On Fri, 04.09.09 07:52, pl bossart (bossart.nospam@gmail.com) wrote:
I am looking for a way to find out whether the clocks of two snd_pcm_t's are perfectly in sync and don't deviate (or only deviate by a constant phase).
short answer:no You would need hardware that would count the bit clock transitions and provide the delta. Few devices provide this in the consumer space, and when they do they actually perform an asynchronous sample-rate conversion on the fly (cf. Freescale DSP563xx). Analog Devices also provides dedicated sample-rate converters that perform this comparison and resampling; they are typically used when multiple masters are present. All this nice hardware wouldn't work anyway for USB where audio is transmitted in packets every ms; it's hard to guess what the real audio speed is.

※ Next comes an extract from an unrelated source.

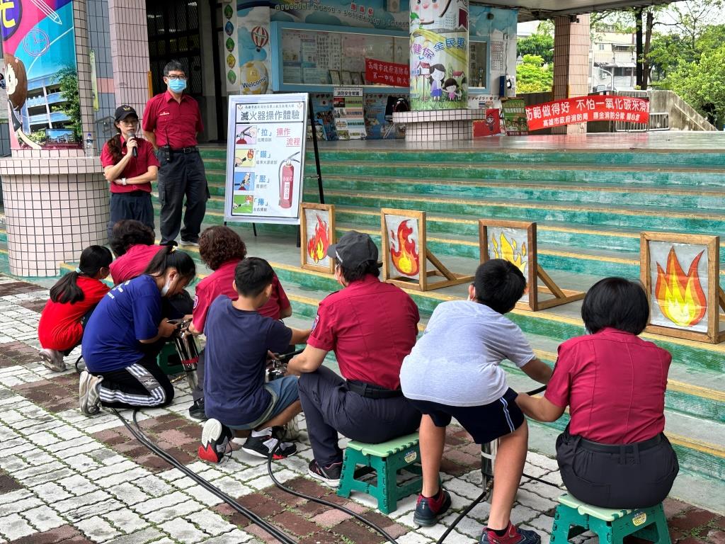 最後,因應目前水源短缺的狀況,學童操作水滅火器,僅打出空氣不射水,同樣可以透過水滅火器的實際操作,拉(插梢)、瞄(火源)、壓(把柄)、掃(向火源根部左右噴灑)的口訣,好記又實作,讓學童從小扎根防災意識,將正確的操作要領牢記心,就能「金安心」。

But that should already be good enough for my purposes. I mostly care that over a longer period of time the deviation between input and output (or two outputs) is bounded. That means, if there is a fixed time deviation between recording and playback and I know only that it is fixed but don't know exactly what it is I am already a happier man.
That's the reason why I introduced the resampling enable/disable in the PA module-loopback code, only the user/system designer will know if you have one master or more, and whether you should enable variable-rate interpolation.
but why shouldn't this information be queriable from the drivers? Drivers do know a lot about the hardware they drive, so they should now about clocks, too.